Hey all,
I am looking for a way to encode and then encrypt a payload that will later be passed to a webhook in the web app.
We’re talking something like “put these two options in your config/config.exs and then call these two functions”.
What’s a very quick and low-friction way to encrypt a binary (and subsequently decrypt it)? I am not looking for the best security here; I am looking for something to discourage a potential attacker that might be able to sniff an HTTP request with an encoded parameter in it.
Hi! I see two scenarios (sorry if I’m misreading your post):
You do not care about the encoded information being read but just want to make sure it was not tempered with. In this case signing might be sufficient and you can use Phoenix.Token — Phoenix v1.6.2 or similar which is low-friciton if you’re already using phoenix.
If you want the encoded data to be safe from prying eyes use something like GitHub - danielberkompas/cloak: Elixir encryption library designed for Ecto which implements best practices around erlang crypto so you don’t need to worry about the details (like IVs). This is very close to "put these two options in your config/config.exs and then call these two functions”
Well you can certainly choose to use :crypto directly but you’ll have to take care of IVs and padding yourself. We ended up doing something like this (note that this has a hardcoded IV size of 16):
defmodule CryptoOneTime do
require Logger
def encrypt_binary(data) when is_binary(data) do
initialization_vector = :crypto.strong_rand_bytes(16)
plaintext = pad(data, 16)
encrypted_text = :crypto.crypto_one_time(:aes_128_cbc, secret_key(), initialization_vector, plaintext, true)
:base64.encode(initialization_vector <> encrypted_text)
end
def decrypt_binary(ciphertext) when is_binary(ciphertext) do
<<initialization_vector::binary-16, ciphertext::binary>> = Base.decode64!(ciphertext)
plaintext =
:aes_128_cbc
|> :crypto.crypto_one_time(secret_key(), initialization_vector, ciphertext, false)
|> unpad()
{:ok, plaintext}
rescue
error in ArgumentError ->
Logger.error(Exception.format(:error, error, __STACKTRACE__))
:error
end
def decrypt_binary(_non_binary_value), do: :error
defp secret_key do
# this needs to be 128 bits of class-a randomness
end
defp unpad(data) do
:binary.part(data, 0, byte_size(data) - :binary.last(data))
end
defp pad(data, block_size) do
padding = block_size - rem(byte_size(data), block_size)

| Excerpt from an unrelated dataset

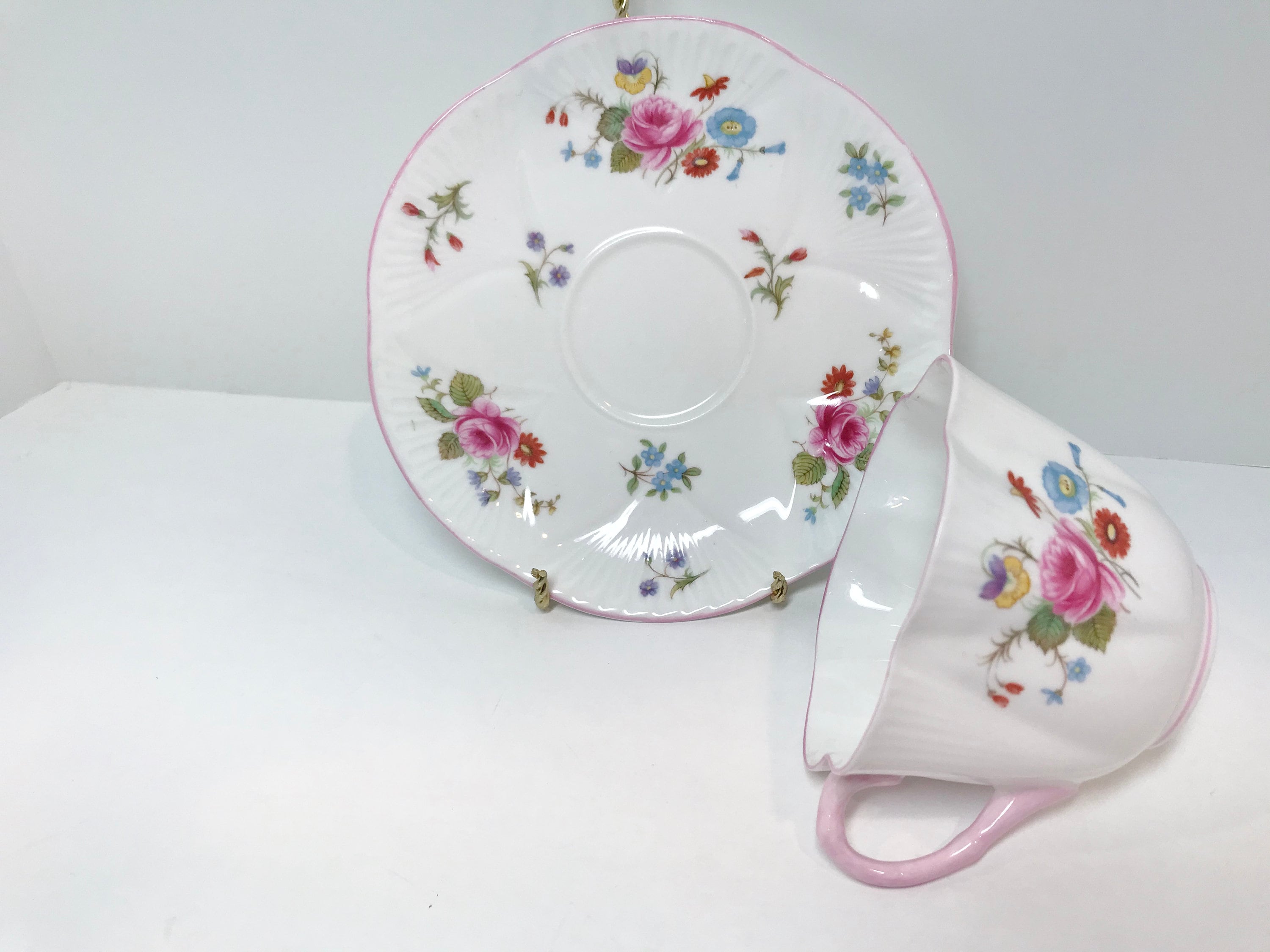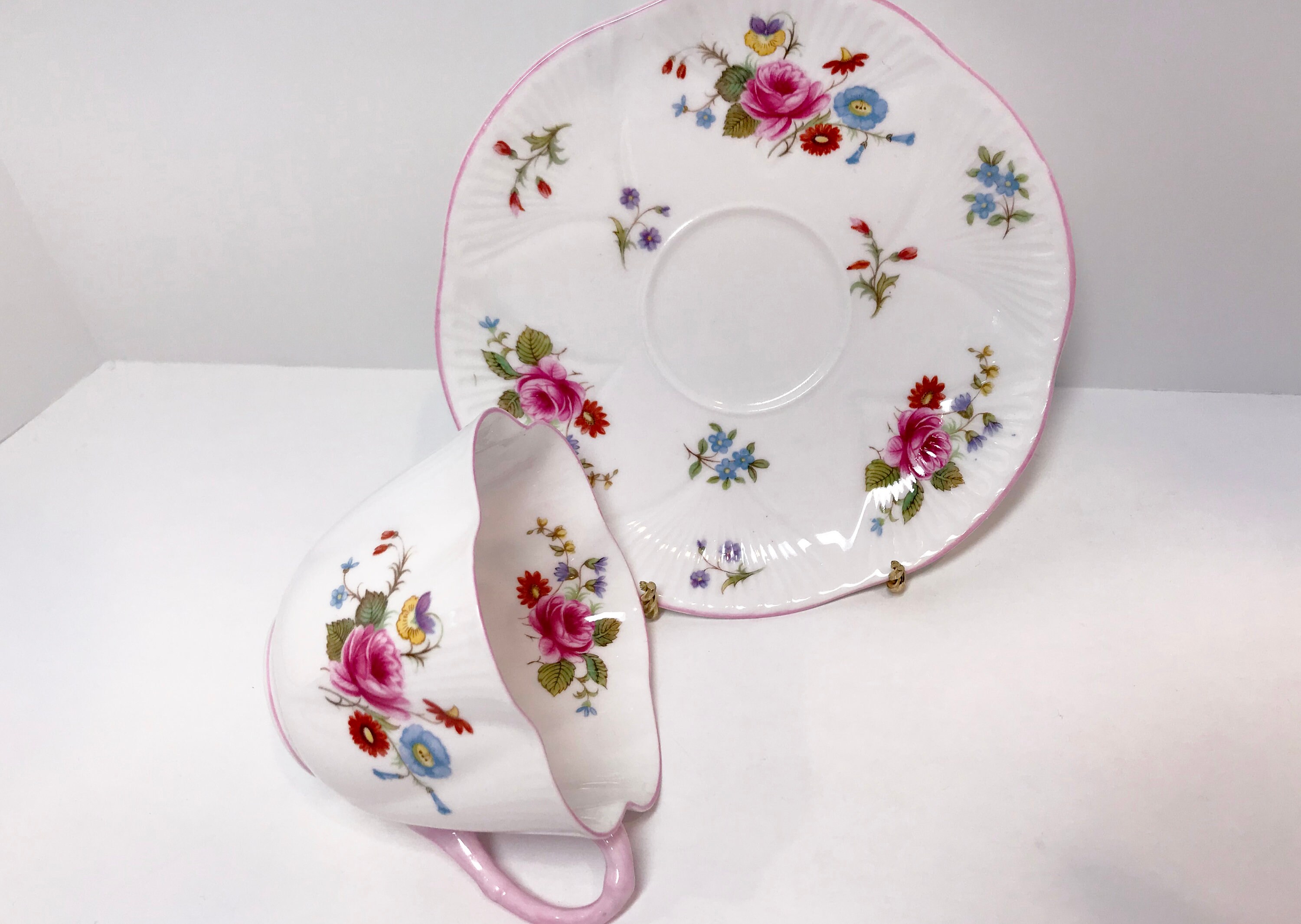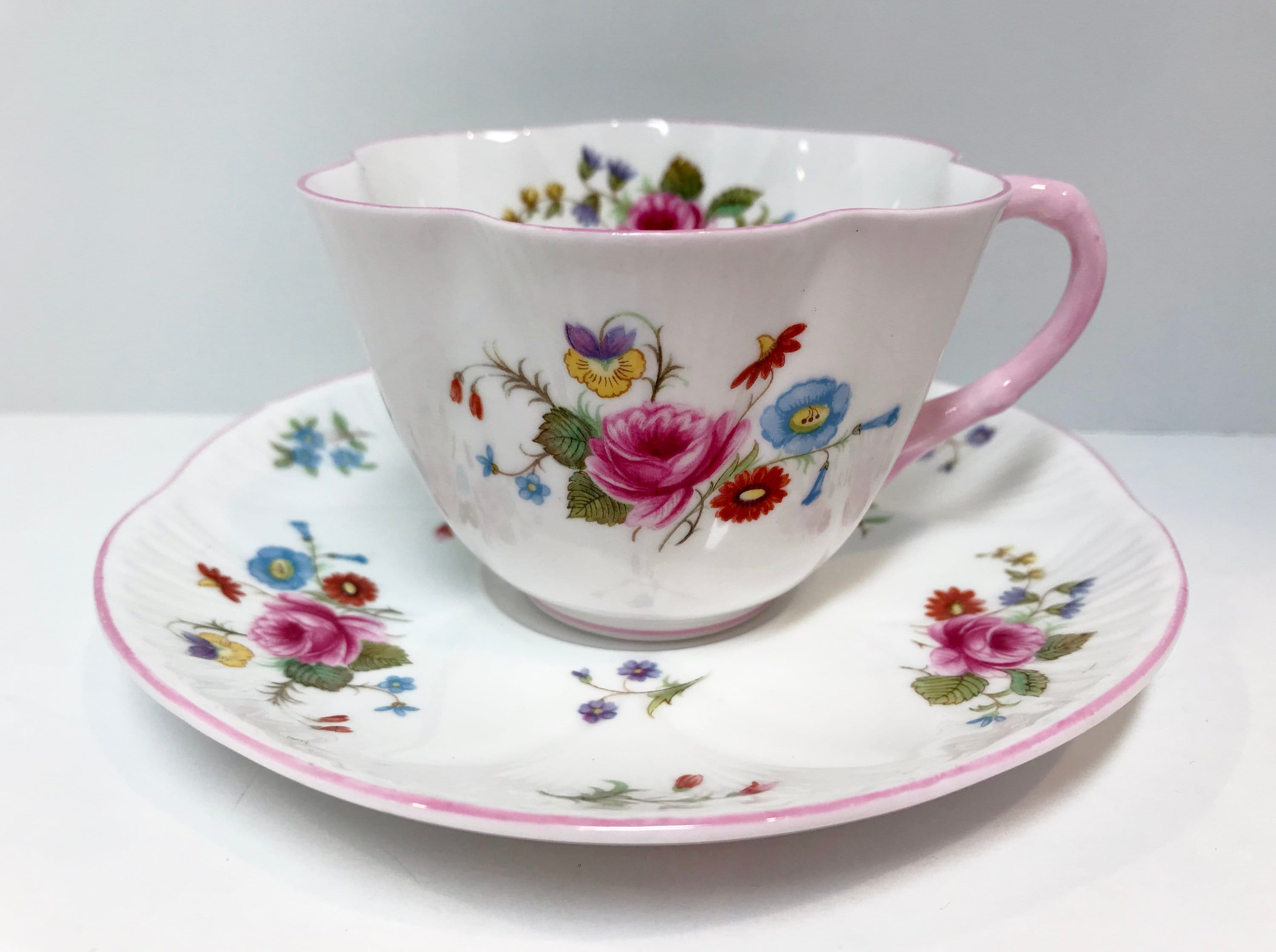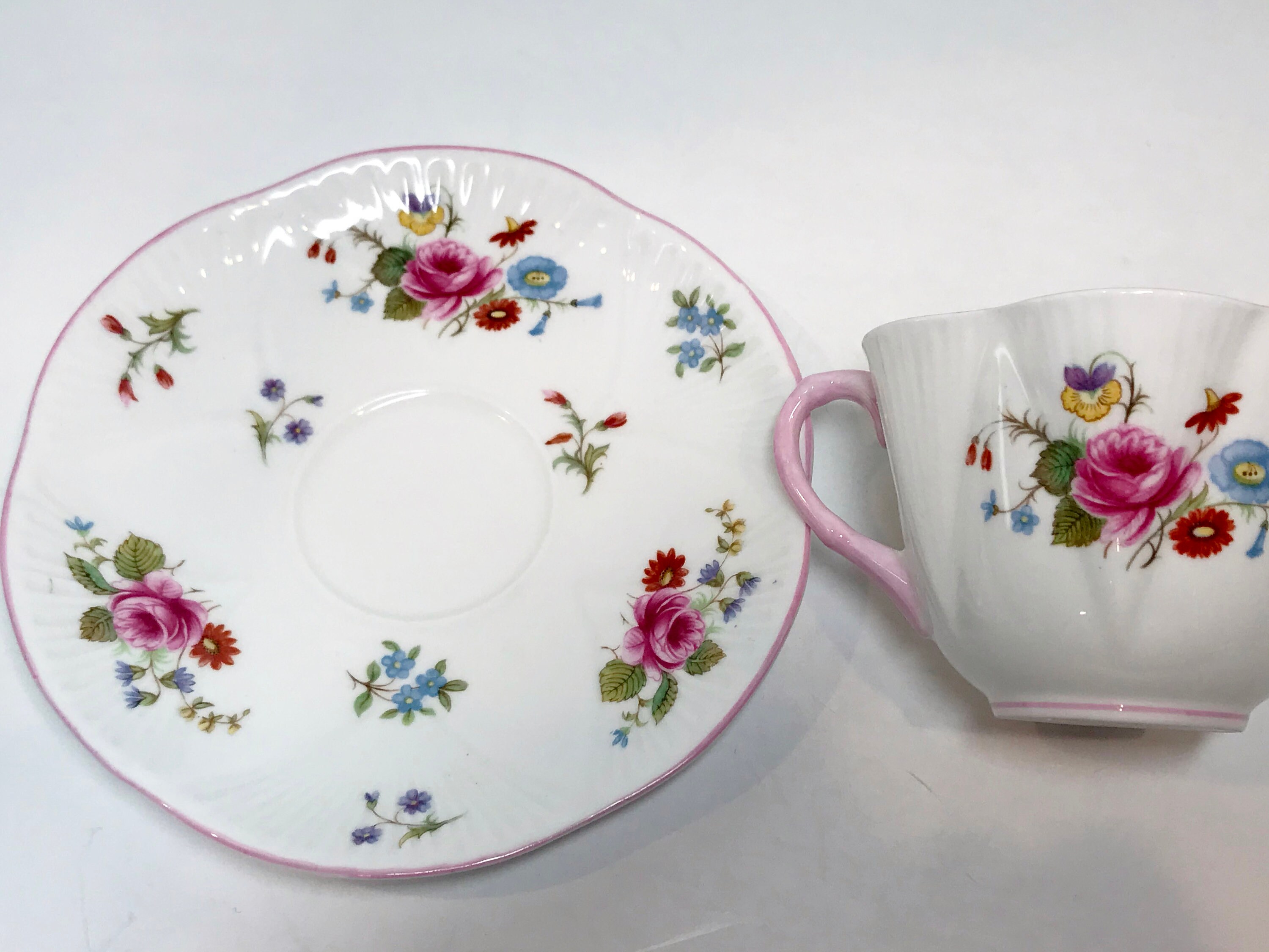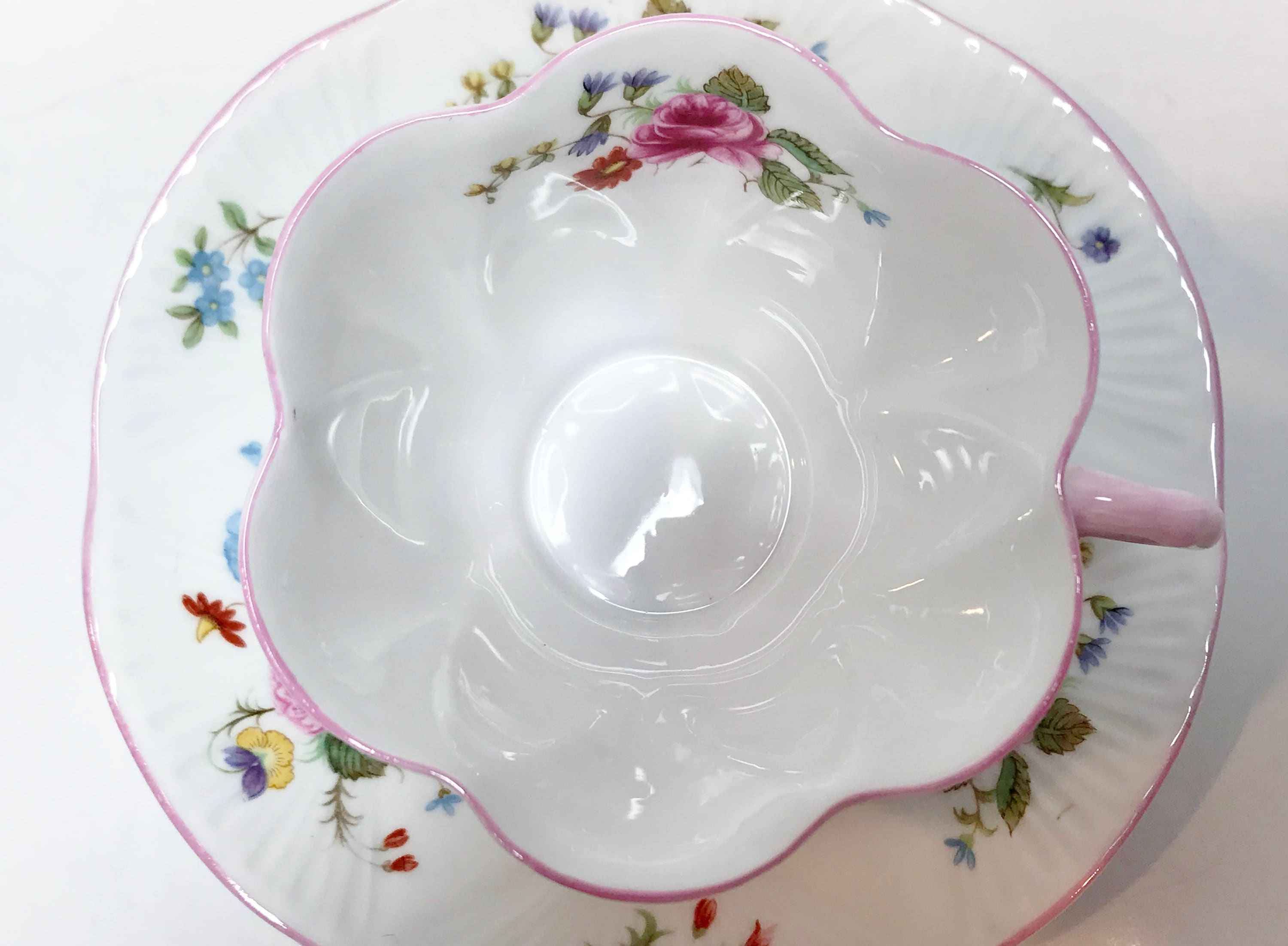 This lovely teacup and saucer is by Shelley Fine Bone China of England in their Dainty shape. The backstamp was used from 1940 to 1966, but the pattern was registered in England in 1957. This is number 13425. The pattern is called Rose and Red Daisy. Note the pink handle and edges.

data <> :binary.copy(<<padding>>, padding)
end
end
The best way to keep something secret is not to transmit it, encrypted or not. I would put said payload in a database, get the sequence id and just send the id with hashids
This way you send a very short string regardless how large is the payload.
The IV is computed for every encrypt so that encrypting the same payload twice yields different results (similar idea as a salt). It’s prepended to the encrypted payload, so that it can be read and used for decryption. So you only need to keep the secret key in your config.exs (or runtime.exs more likely )
for inputs that lack entropy such as short integers, any encryption is not going to survive serious crpto attack. A breakable integer id and a secure hash of the original and un-transmitted payload still offer quite some protection.
EDIT: On a second thought, you can just send the secure hash, and use the hash as the primary key of your table to fetch the original payload. hashids is not needed here.
I get what you are saying. We’re not expecting serious attacks. I just don’t want that integer ID flying around naked on the net (even though it goes through HTTPS).
I still might go with hashids btw. I’ll take an hour or so Soon™ to evaluate both suggested approaches. Your has the advantage of being super simple while offering adequate protection.
We’re no crypto experts either, so I feel obligated to reference this SO post the chosen cypher and padding seemed a good fit for our use-case where we’re encrypting a user ID that goes through a 3rd-party service and comes back via webhook as well.
Why not just generate a random string, store it in the database and send that ? (or a hash like @derek-zhou said.)
So even if someone sniffs it, it is meaningless. Is there a fundamental problem to send a value that is also stored in the database, it the value is just a one-time key for fetching?
One caveat: In our case it was important that the same db record (a user) was not mapped to the same hash/encrypted text, because that would allow the external system to essentially track activity. If that’s no concern in your use case, some random bytes in your database are your best bet, indeed!
We use several systems and our app is the glue + the persistent layer keeping track of it all. Your point is valid and well understood – but happily not critical in this case.
Worst case scenario is that one of those external systems will know we’re sending some numbers back to our webhook. And those numbers expire and are unusable minutes later.